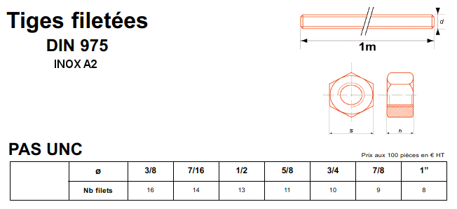 American Screws : Tige Filetée - Tige Filetée Inox A2 Pas UNC
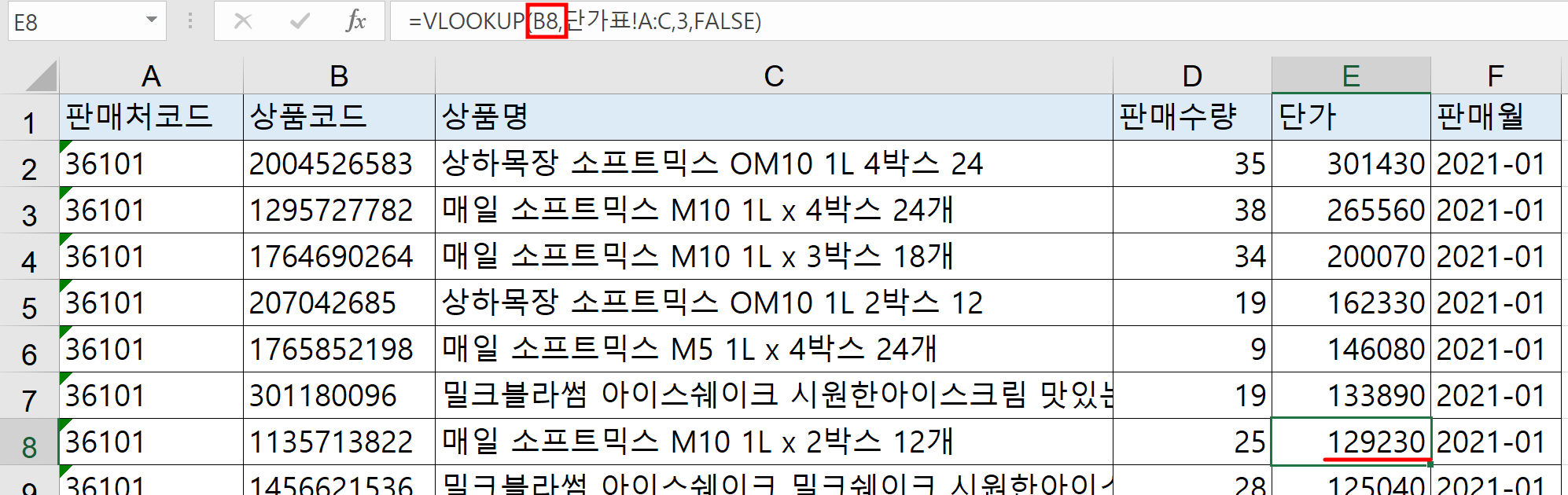 단가 셀을 보면 수식이 나머지는 그대로 있고 lookup_value만 바뀌어서 들어가 있다.
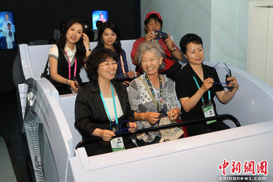 當(dāng)“世博奶奶”乘坐的通往中國航空館二樓主展區(qū)的電梯門一打開,她便發(fā)出驚嘆之聲,隨即表示非常期待體驗中國航空館主展區(qū)的地乘4D展演系統(tǒng),當(dāng)乘坐無軌觀光車體驗過一段完美的飛翔之旅后,“世博奶奶”意猶未盡地說:“非常棒,感覺像身臨其境一樣!
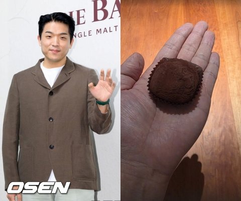 공개된 사진 속에는 안성재가 손바닥 위에 정통적인 두쫀쿠를 올려놓은 모습이 담겨 있다. 겉면에 초코 가루가 뿌려진 동그란 모양, 그리고 예쁜 포장지까지 사람들이 흔히 아는 두쫀쿠가 공개돼 눈길을 끌었다. 최근 안성재가 첫째 딸과 같이 만들었다가 파장을 일으킨 '두바이 딱딱 강정'과는 180도 다른 예쁜 비주얼을 자랑했다.
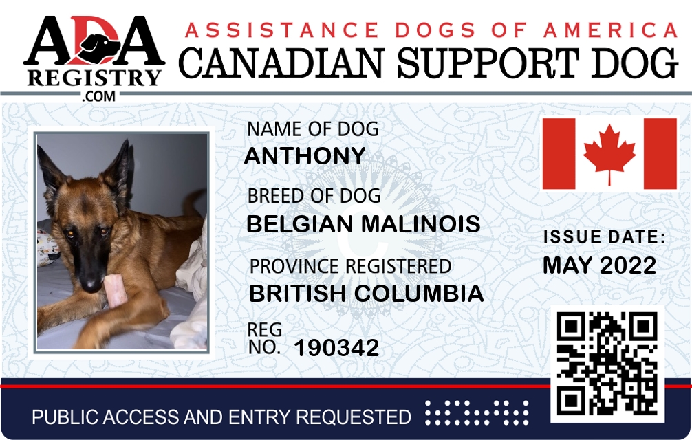 Emotional Support Dog Registration for ANTHONY
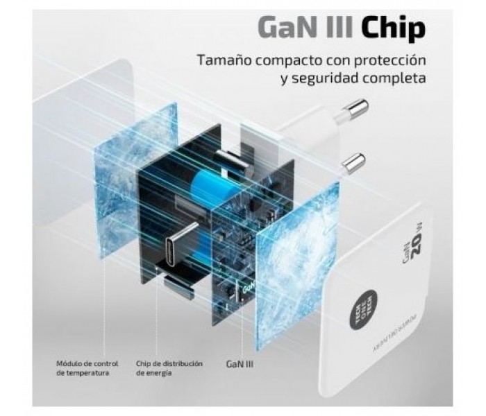 Cargador ultrarrápido con tecnología GaN Power Delivery 3.0 (PD) 20W, color blanco. Carga hasta un 400% más rápido que un cargador estándar de 5W. Compatible con dispositivos anteriores. Conector tipo USB-C de 3A. Este cargador permite cargar dispositivos como tabletas, móviles, consolas, baterías, auriculares, etc.
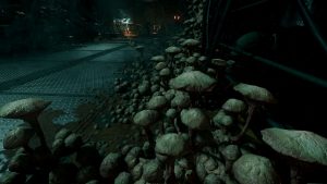 Nicht mehr lange und ich werde auf leibhaftige Vanduul treffen. Auf eine gewisse Weise und tief im Innern weiß ich, dass mein gesamtes Schicksal direkt mit ihnen verknüpft ist. Ich atme erneut durch und laufe los, ein kleiner Abendspaziergang. Ich gehe ein paar Stufen hinunter und stutze: Direkt vor mir wächst eine Pilzkolonie. Ich knie mich hin und untersuche sie. Es sind die gleichen Pilze, die auch in der Station wachsen. Sporen überleben schon mal im freien Weltall, aber ausgewachsene Pilze brauchen Sauerstoff zum Wachsen und Gedeihen – wie ist das möglich?
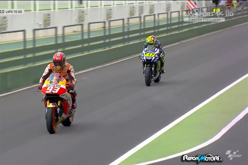 Alle spalle di Marc Marquez arriva Valentino Rossi, autore di una prima parte di gara da manuale, ma in netta difficoltà dopo il cambio moto .
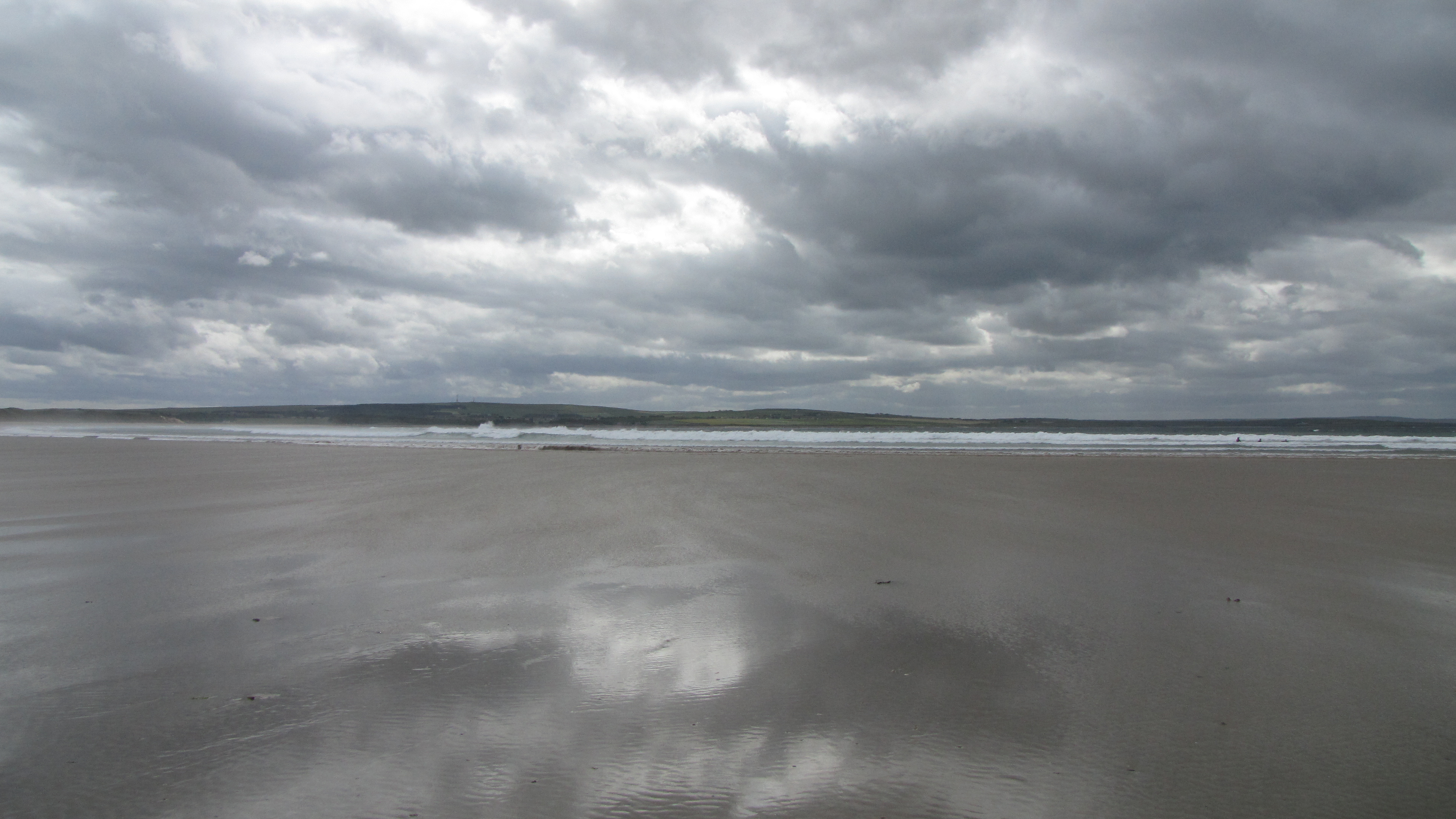 Nachher spazierten wir weiter zum Meer. Das war aber ein kleiner Reinfall, denn leider war gerade Ebbe und das Meer nicht zu sehen. Ausserdem gab es auch keinen Strand zu sehen. Deshalb stärkten wir uns nur an den mitgebrachten Sachen und liefen zum Auto zurück. Auf dem Rückweg hatten wir noch einen seltsamen Zusammenstoss mit einem hartnäckigen Fliegenschwarm, die beharrlich um unsere Köpfe schwirrten. Beim Auto angekommen, fuhren auf der Suche nach einem Sandstrand herum.

:::::

*Activity*: A word-for-word reproduction is needed of the lines above from the line containing "단가 셀을 보면 수식이" through the line containing "Emotional Support Dog", with both ends kept and no pictures.

*Result of the exercise*:
 단가 셀을 보면 수식이 나머지는 그대로 있고 lookup_value만 바뀌어서 들어가 있다.
 當(dāng)“世博奶奶”乘坐的通往中國航空館二樓主展區(qū)的電梯門一打開,她便發(fā)出驚嘆之聲,隨即表示非常期待體驗中國航空館主展區(qū)的地乘4D展演系統(tǒng),當(dāng)乘坐無軌觀光車體驗過一段完美的飛翔之旅后,“世博奶奶”意猶未盡地說:“非常棒,感覺像身臨其境一樣!
 공개된 사진 속에는 안성재가 손바닥 위에 정통적인 두쫀쿠를 올려놓은 모습이 담겨 있다. 겉면에 초코 가루가 뿌려진 동그란 모양, 그리고 예쁜 포장지까지 사람들이 흔히 아는 두쫀쿠가 공개돼 눈길을 끌었다. 최근 안성재가 첫째 딸과 같이 만들었다가 파장을 일으킨 '두바이 딱딱 강정'과는 180도 다른 예쁜 비주얼을 자랑했다.
 Emotional Support Dog Registration for ANTHONY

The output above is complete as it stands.